Seanad debates

Wednesday, 28 February 2007

Defence of Life and Property Bill 2006: Second Stage

 

1:00 pm

Photo of Michael McDowellMichael McDowell (Dublin South East, Progressive Democrats)

——the Law Reform Commission has since published a consultation paper on the subject of legitimate defence. This publication was part of a series which is being undertaken by the Law Reform Commission into the law on homicide in this jurisdiction. I ask Senator Cummins to note that the consultation paper on legitimate defence makes a clear distinction between the deployment of defence in connection with an attack on the home dwelling and the use of such defence in the context of an attack in other circumstances. In one of its provisional recommendations the Law Reform Commission states that:

...a defender should not be required to retreat from an attack in their dwelling home even if they could do so with complete safety...dwelling house should be defined as including the curtilage or the area immediately surrounding the home.

Another point that Senator Cummins might take into account is that among the conclusions contained in the Law Reform Commission consultation paper was the view that it found the arguments in favour of the use of lethal force to defend the dwelling house persuasive. This approach, it said, safeguards the individual's autonomy and has regard to the individual's inability to make split second decisions when confronted with an attacker in the home. In other words the Law Reform Commission does not believe lethal force should be removed from the protection and sub-lethal force inserted. It says there may be circumstances, in effect, where one uses lethal force and should be protected. In relation to the argument that this approach is not justified on the lesser of two evils standard, the Law Reform Commission states specifically that this is open to dispute given that most individuals in such circumstances fear death or serious injury, whether this belief is reasonable or not. The Law Reform Commission goes on to say that even if the defence cannot be justified on the traditional ground of protecting physical safety, it may be justifiable on the grounds of recognition of the home's importance to the defender's dignity, privacy and honour.

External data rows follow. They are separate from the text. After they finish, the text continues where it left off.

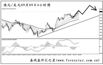 ▲澳元兌美元上漲斜率加大,目前已經接近了上月初的高點0.9220阻力,若成功升破,后市將挑戰去年11月高點0.9400一線。短線澳元的上漲勢頭保持良好,圖中均線系統多頭排列,升破0.9220后可繼續采取做多策略,但在接近0.9400時建議先行出場或減倉。
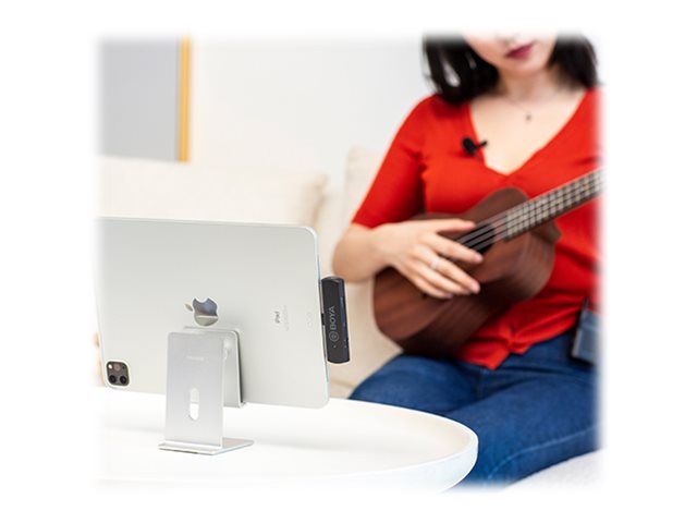 Dette trådløse mikrofonsystem kan nemt tilsluttes enheder med 3,5 mm mini-jackstik eller Apple Lightning, hvilket giver alsidighed til forskellige opsætninger.
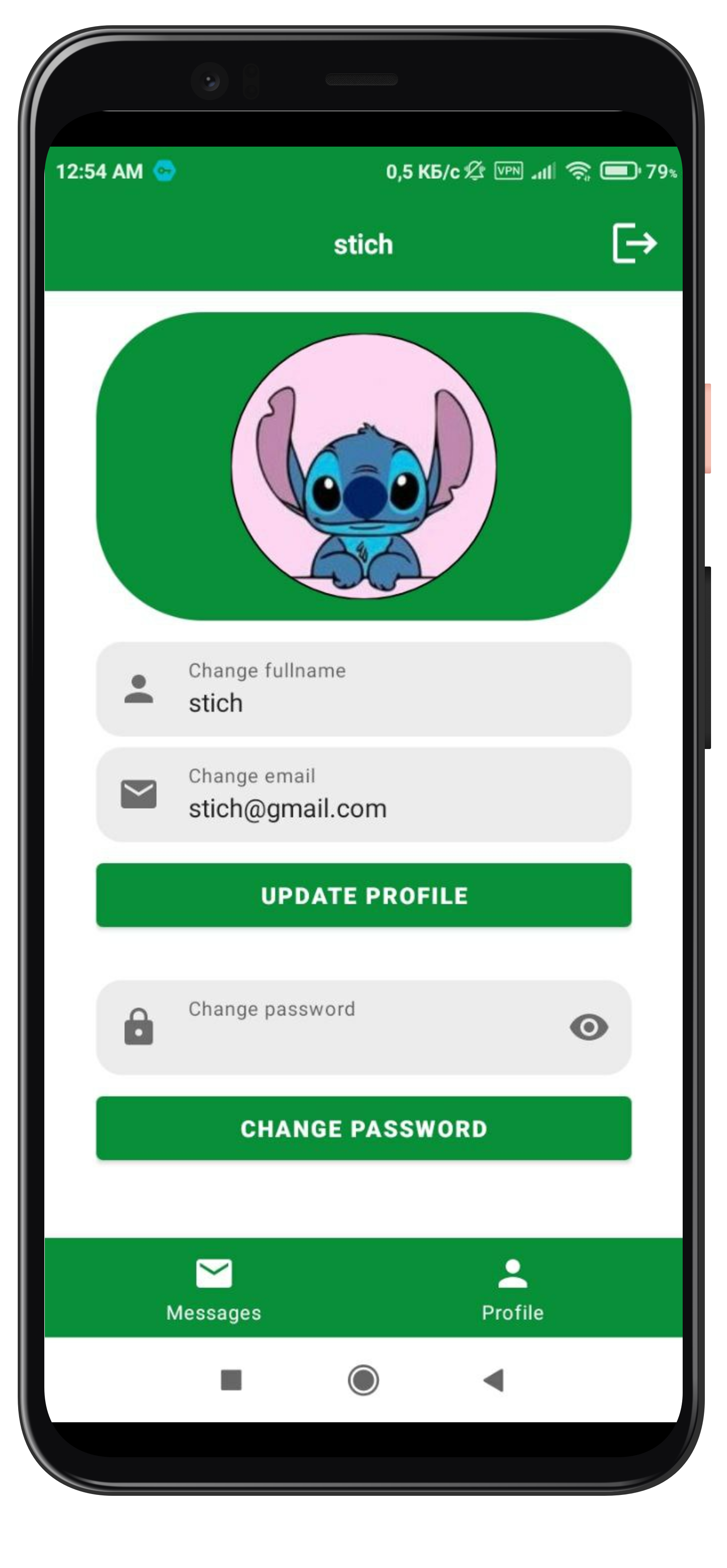 The ideology of the project is to improve the level of English by communicating with each other, sending a message in Russian, it is translated into English and saved in both languages. It is possible to send a message in English (if you know how to write a sentence in English) - it will be translated into Russian and saved in both languages. Upon receipt, all messages are displayed in English.
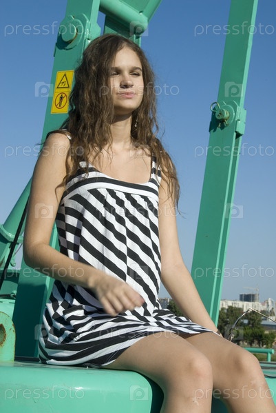 Молодая красивая женщина сидит на большом строительном кране у реки
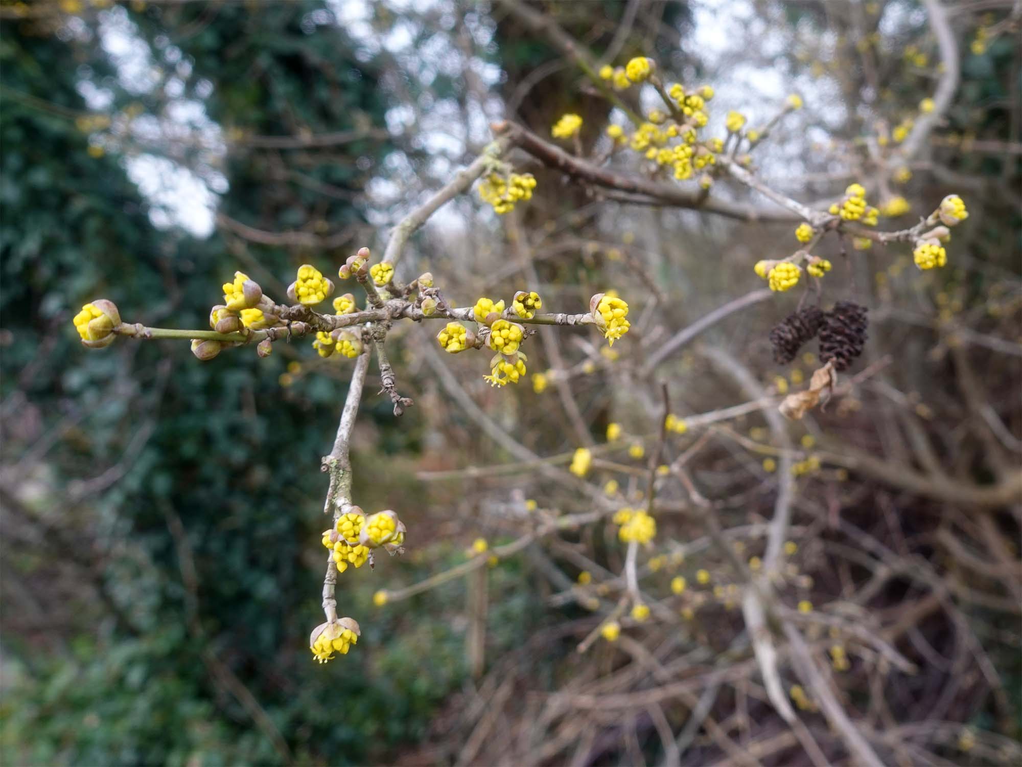 Er werd gesnoeid, er lagen takkenbossen naast het paadje en ik nam er een paar mee voor in de vaas, geen idee wat het is maar er zitten al knoppen in, forsytsia en ribes lijken uitgestorven.
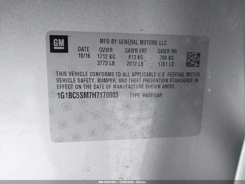 2017 CHEVROLET CRUZE 2017 року Бензин, 1.4, Передний привод, vin - 1G1BC5SM7H7170803 из США
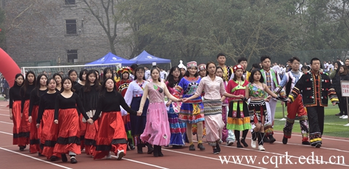 12月14日,Beat365官方网站第十五届民族节系列活动之民族传统体育运动会在大操场隆重举行,重庆市合川区民宗委领导邹本伟、杨勇,Beat365官方网站校长何向东,校领导杨霄、舒卫华、叶培德,各二级学院党政领导及少数民族师生代表参加了运动会开幕式。
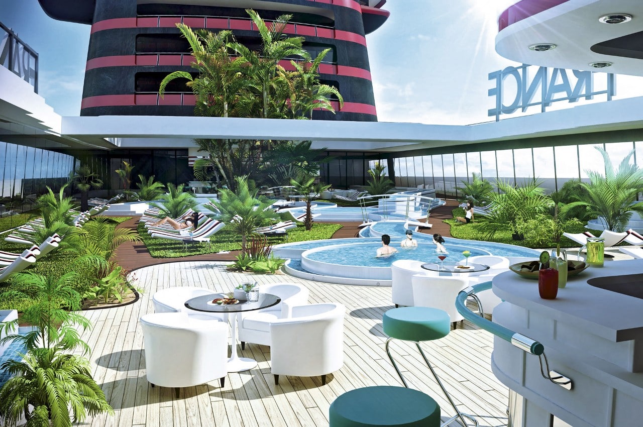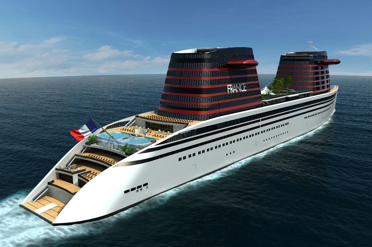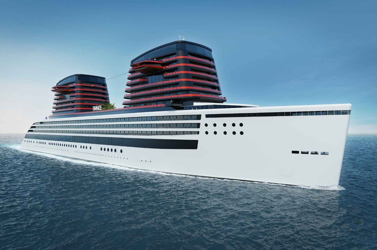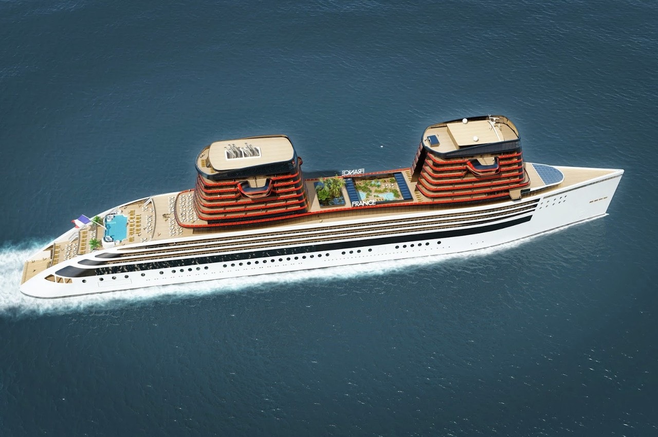 – Je voulais que ce nouveau France ait à la fois un design très différent des autres paquebots existants et qu’il soit immédiatement reconnaissable… explique-t-il… Les cheminées se sont imposées comme le trait le plus marquant de l’ancien France. Je les ai revisitées en créant des volumes habitables à l’intérieur : des suites et des extensions avec une vue à 360 degrés. Une palmeraie avec piscine s’étend sur le pont inférieur, plus huit restaurants, un spa, une salle de sport… Il y aura même un terrain de pétanque, une école de cuisine, un casino et une salle de cinéma panoramique…

Senator Morrissey's Bill is concerned with the provisions of the Non Fatal Offences Against the Person Act 1997. However fatal offences, murder and manslaughter, which can as we know arise in incidents of trespass, are considered in the context of other statutes. In modern jurisprudence a guilty mind or mens rea is an element of most crimes. The prosecution has to prove that an accused engaged in unlawful conduct. It may also have to prove that he or she engaged in such conduct with a guilty mind. For example in a charge of assault causing harm under the provisions of section 3 of the Non Fatal Offences against the Person Act, 1997, the prosecution would have to prove a guilty mind not only in respect of the assault but also in respect of the harm. It would appear on the face of it that such a guilty mind and an intention to cause harm would not apply in the case of an intruder entering the family home with some kind of criminal intent. In a recent judgment in the Court of Criminal Appeal in relation to a case where a fatality occurred in the course of a burglary, the court said that a burglary was always an act of aggression. Therefore it might be argued that any assault on such an intruder undoubtedly would be one without culpability on the part of the occupier and one in which no accusation of criminal intent could be possibly levelled at the occupier in such circumstances.

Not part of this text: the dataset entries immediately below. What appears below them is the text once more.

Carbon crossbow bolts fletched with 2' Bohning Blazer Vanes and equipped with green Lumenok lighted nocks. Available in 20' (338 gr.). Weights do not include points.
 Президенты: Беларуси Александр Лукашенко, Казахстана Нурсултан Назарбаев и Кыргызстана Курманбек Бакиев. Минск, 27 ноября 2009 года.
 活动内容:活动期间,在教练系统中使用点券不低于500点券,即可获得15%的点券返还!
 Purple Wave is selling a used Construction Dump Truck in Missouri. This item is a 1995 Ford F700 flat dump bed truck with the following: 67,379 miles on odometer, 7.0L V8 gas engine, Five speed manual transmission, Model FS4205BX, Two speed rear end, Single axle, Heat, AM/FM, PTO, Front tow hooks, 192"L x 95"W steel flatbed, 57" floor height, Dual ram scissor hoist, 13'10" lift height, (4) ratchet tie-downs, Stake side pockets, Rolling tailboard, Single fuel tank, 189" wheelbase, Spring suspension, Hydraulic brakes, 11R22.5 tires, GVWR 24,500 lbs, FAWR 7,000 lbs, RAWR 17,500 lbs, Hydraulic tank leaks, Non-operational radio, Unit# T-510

This is where I believe we must be very careful and why I am of the opinion that the matters covered by this Bill require a considerable amount of analysis and consideration. The provisions of the Criminal Justice Act 1964 which deals with murder and manslaughter quite properly remain on the Statute Book. We have to be sure we balance the protections that we give to homeowners in situations such as those I have outlined already with proper respect for the rule of law. A legislative change such as the one proposed in this Bill cannot ever be a licence to kill. My concern is that the emotive nature of an encounter with a trespasser or an intruder, with what might be perceived by the occupier to be a criminal intent, could, as I have said, have the effect of rendering a person incapable of properly assessing his or her response and a tragedy of serious proportions might then ensue.

I also have concerns about situations which may not be as clear as the types of scenarios I have been discussing. I am thinking of circumstance where the status of a person visiting a premises is unclear. Perhaps someone who is considered to be an uninvited guest at a house for a social occasion or a situation where a caller to a house appears to be a trespasser but may in fact have a legitimate reason for being there. It would be a serious miscarriage of justice were such a person to be injured and have no recourse to the civil law for damages.

With regard to the Fine Gael Bill introduced in the other House, it excused anybody from any sub-lethal damage they did to anybody who was trespassing on their premises.